Take some moments beforehand to think through what you want to talk about, and make sure to take time to address your family’s problems as well. Your family is much more essential to your well-being than your job.
#5. Ask For Help
The most helpful thing you can do for your mental health is ask for help. Make sure to tell your boss, manager, colleague, family member, friend, or literally anyone else that you’re nearing the absolute exhaustion limit and you don’t know how to address that.
Nobody can help you if they don’t know what you’re going through. Let them know what’s bothering you so they can help you come up with some helpful solutions.

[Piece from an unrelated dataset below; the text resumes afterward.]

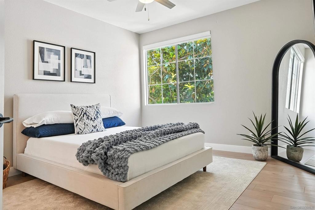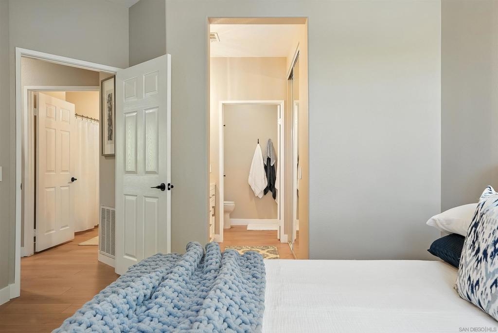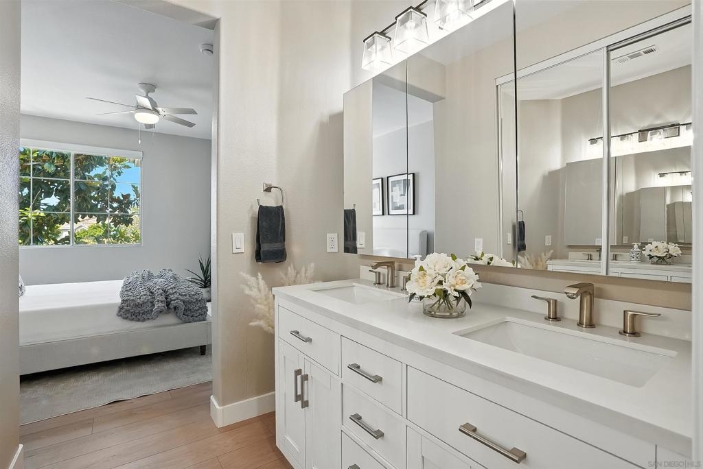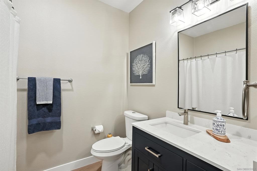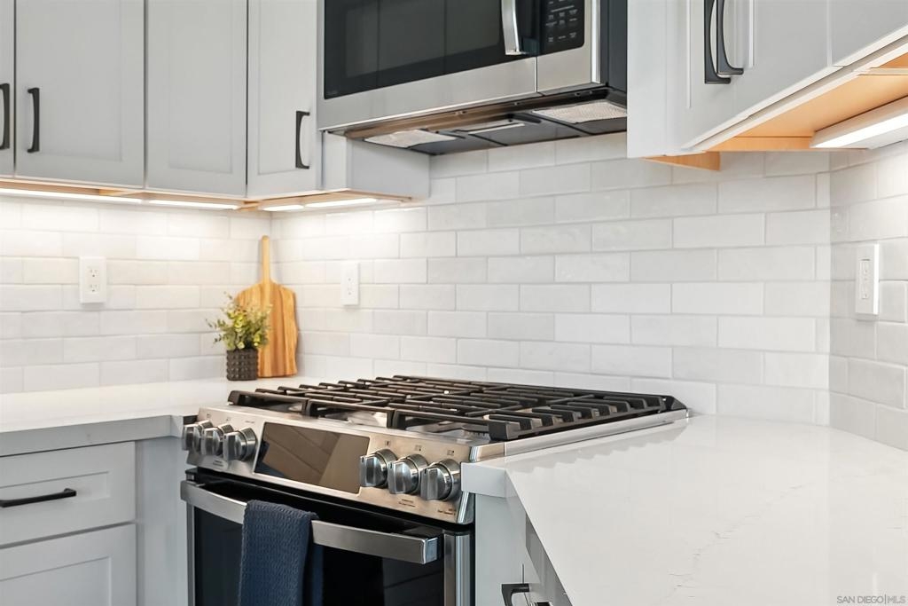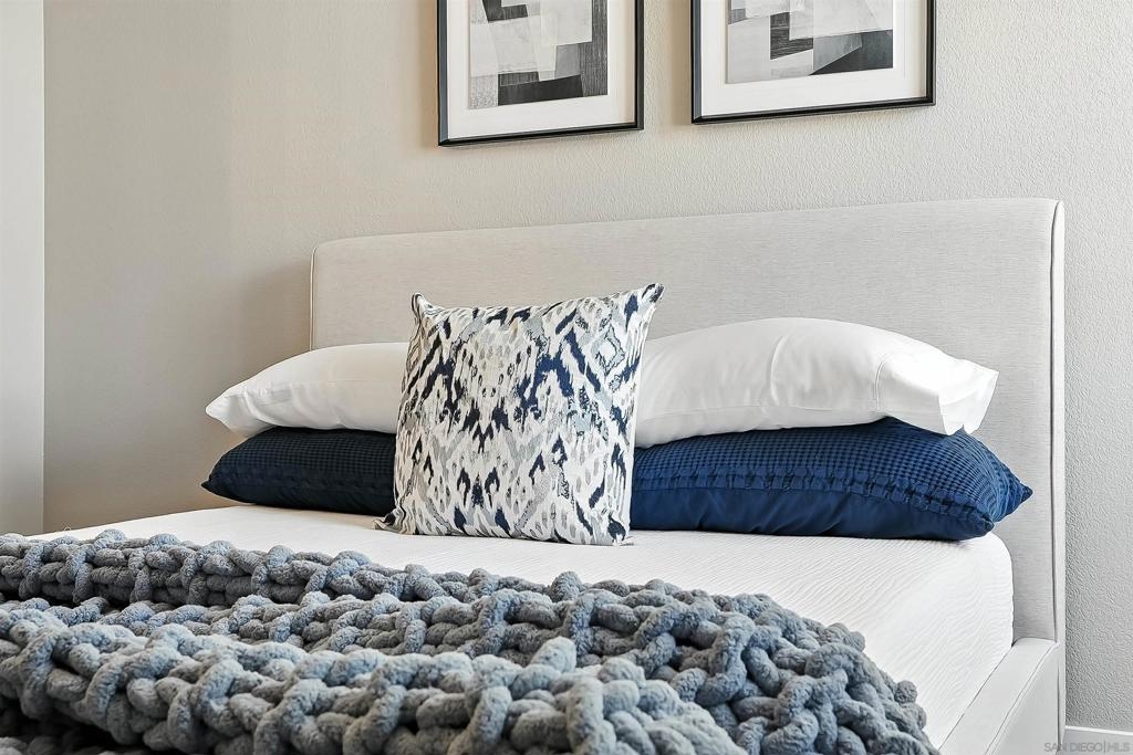 Welcome to 10728 Sabre Hill Dr, Unit 240, located in the desirable Palo Alto community of Sabre Springs, within the award-winning Poway Unified School District. This beautifully remodeled 2-bedroom, 2-bath condo offers modern upgrades, smart home features, and a prime location with easy access to I-15, State Route 56, and convenient carpool lanes. The kitchen has been tastefully updated with white stacked shaker cabinetry, soft-close drawers, quartz countertops, a ceramic tile backsplash, deep basin sink, Insta-hot filtered water, under cabinet lighting, and stainless-steel appliances including a 5-burner gas stove and side-by-side refrigerator. Throughout the home, enjoy luxury vinyl flooring with QuietWalk cork-foam underlay, LED recessed lighting, chair rail accents, and fresh paint. The open floor plan offers excellent natural light and a cozy, stone-accented fireplace with a mantle. Both bathrooms have been thoughtfully updated with new vanities, comfort-height Toto commodes, humidity-sensing fans, and stylish finishes. The Mountain View balcony features a tucked-away storage room with newer storage racks for added space. Additional highlights include ample storage with custom living room nooks, built-ins in both bedroom closets, blackout bedroom shades, in-unit full-size laundry, upgraded 6-panel doors with modern lever hardware, three ceiling fans, USB outlets, Nest thermostat, Ring doorbell, smart entry keypad, and a one-car garage with extra storage. The Palo Alto community offers resort-style amenities including a sparkling pool, spa, and fitness center, all set within beautifully maintained grounds. With top-rated schools, parks, shopping, dining, and easy commuter access nearby, this home delivers the ideal combination of comfort, security, and modern living in one of San Diego’s most desirable neighborhoods.

#6. Change Your Perspective
Another thing that can help you deal with workplace burnout is changing the way you look at things. Examine your perspective, mindset, and basic assumptions regarding work. What burnout aspects can be fixed, which ones are unchangeable, and what aspects can be altered?
Discuss these aspects with your supervisor to come up with an option where you get more free time and save energy for other tasks.
#7. Make Time For Yourself
Your home life will also be stressful at times, and your family and friends will need you for other, more intimate moments, so make sure you set some time aside for them and for yourself.
Relax and take up some hobbies so you have something to look forward to outside of work.
Feeling overworked, unappreciated, and neglected is making people feel tired, both mentally and physically exhausted, and it often leads to serious health issues, so prevention is always recommended.
Talk to your family members, friends, and boss to figure out a solution together. Remember that you’re not alone in this and focus on making enough room in your schedule for yourself and your family, so you can maintain a healthy life/work balance and avoid burnout altogether.